DeepLatent SARF Tokenizer

Part of Suhail Project - Independent Research by Mohammed Almaghrabi

This is the SARF (Sarf-Aware Representation Framework) tokenizer designed for the DeepLatent language model, trained on bilingual Arabic/English data.

What is SARF?

SARF (صَرْف) is the Arabic term for morphology.
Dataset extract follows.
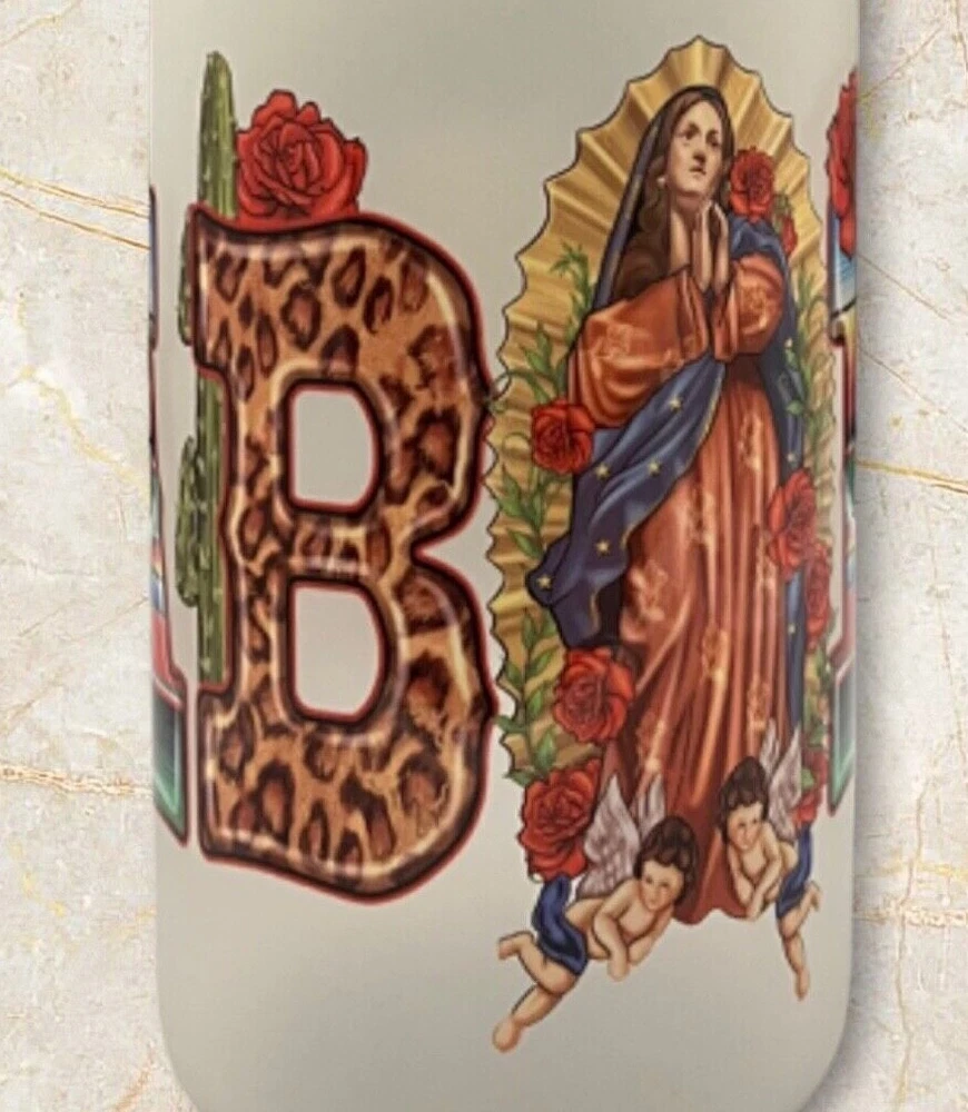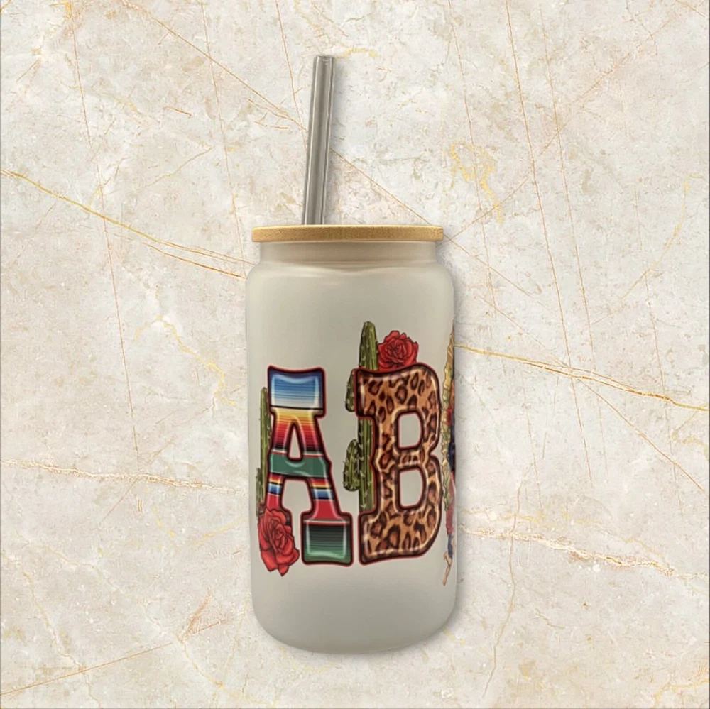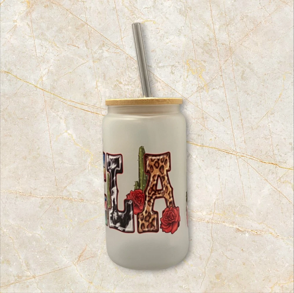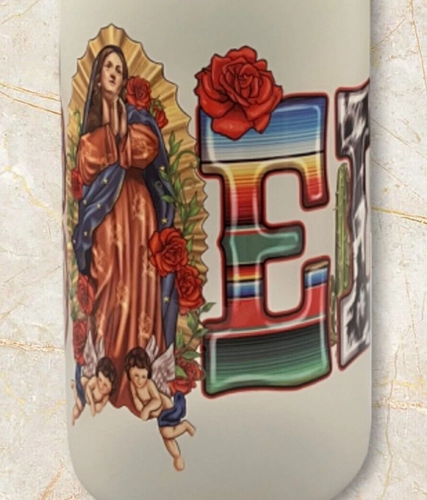 Enjoy your favorite drinks with this 16 oz Abuela glass can. The can-shaped glass is decorated with a UV DTF wrap featuring the Virgin Mary and comes with a bamboo lid and reusable straw. Perfect for all occasions, this modern-style glass can is ideal for teens, boys, girls, and adults. Hand wash only and care instructions are included. The set includes a lid, glass can, and straw. This Libbey-style glass can is straight in shape, with a round design, and has a capacity of 16 oz. The glass can is assembled in the USA and is made of high-quality glass material.

In classical and modern Arabic linguistics, ṣarf refers to the system that governs:

  • Word formation
  • Roots and patterns (جذر / وزن)
  • Prefixes, suffixes, infixes
  • Tense, gender, number, and derivation

Ṣarf is the exact linguistic layer that makes Arabic hard for naive tokenizers.

SARF combines morphological analysis with BPE tokenization to achieve better compression, especially for morphologically rich languages like Arabic.

Most tokenizers treat Arabic as bytes or characters. SARF treats Arabic as a language.

Installation

Install the suhail-nlp package from PyPI:

pip install suhail-nlp

Quick Start

from suhail import SARFTokenizer

# Load tokenizer (automatically downloads from HuggingFace)
tokenizer = SARFTokenizer.from_pretrained()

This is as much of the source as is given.